Should I create a Staging Instance or Staging Database on the same Production Server? (Can only do SAME PRODUCTION SERVER)

  • Hello All,
    I currently manage a data processing department for a Marketing firm and we deal with TB's of data.

    We manage multiple lists (Databases) per client based on consumer address etc etc , so I do a bunch of updates and ADDRESS changes weekly/Monthly. Currently pushing maybe 50 million records per month if not more?

    Should I create a staging environment on another INSTANCE (same server as the production but different instance) specifically for Data Processing (ETL) and then push it to a production table (final master table of good addresses)?

    In short should i :

    1. Create an instance for staging? 
    or
    2. Create a DATABASE for Staging (on different drives apart from production)
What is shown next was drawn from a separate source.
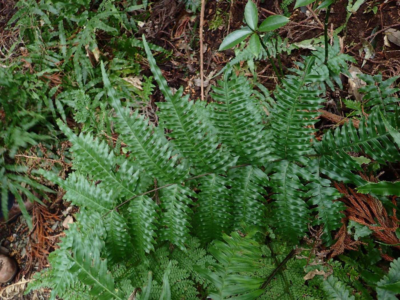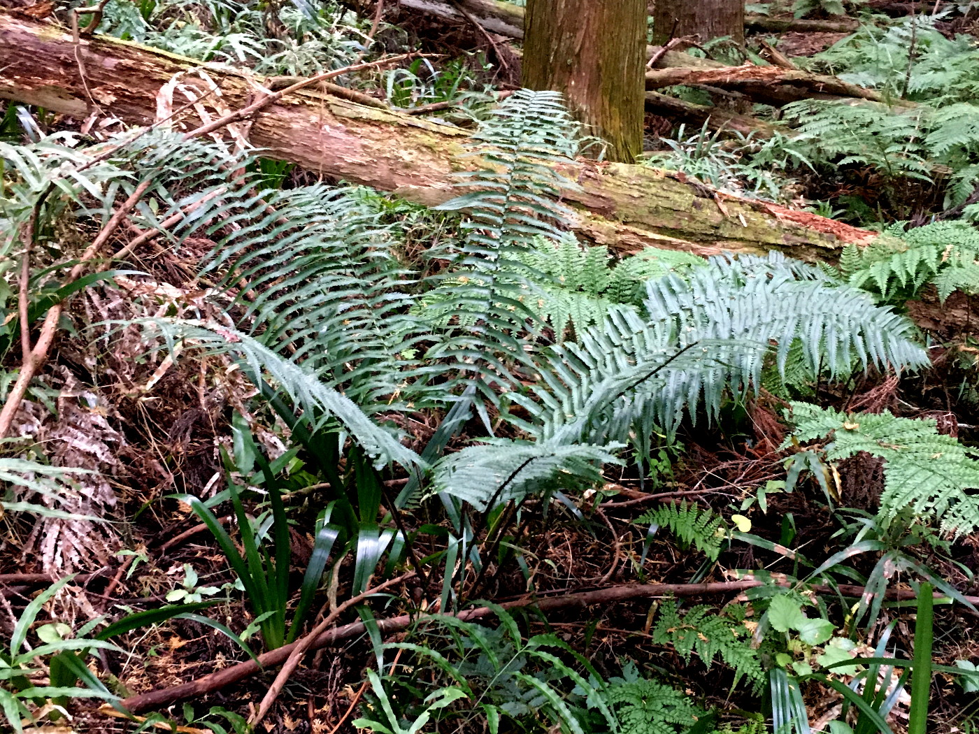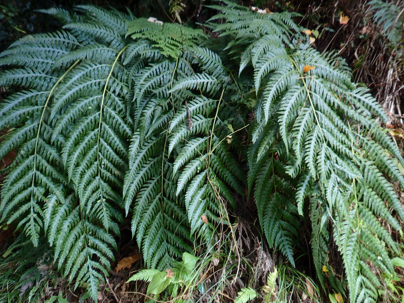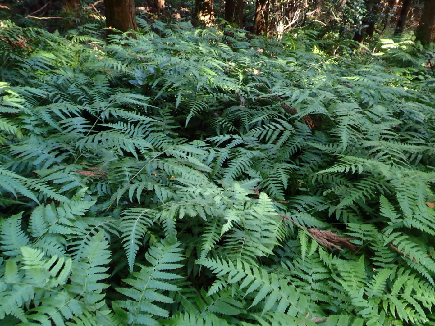 イノデとアイアスカイノデの雑種と推定される。スギ・ヒノキ林林床。イノデやアイアスカイノデが生育する林床の中で、大きく目立つ存在である。

  • If this staging database would only be for ETL type purposes, I think it would be easier to work with on the same instance, as you could use 3 part object names [dbname].[schemaname].[objectname] to reference items from the staging database, and security setup would also be easier for whatever user(s) are actually doing the final processing from the staging database into the live database.

    What did you think would be the advantage of having a separate instance?

  • Hey thanks for that! 
    I was hoping to optimize the speed and basically understand the "CORRECT" way of doing data processing.

    We data process so millions ON THE SAME PRODUCTION DATABASES, creating tables, indexes etc etc. Trying to find the best practice in creating the infrastructure.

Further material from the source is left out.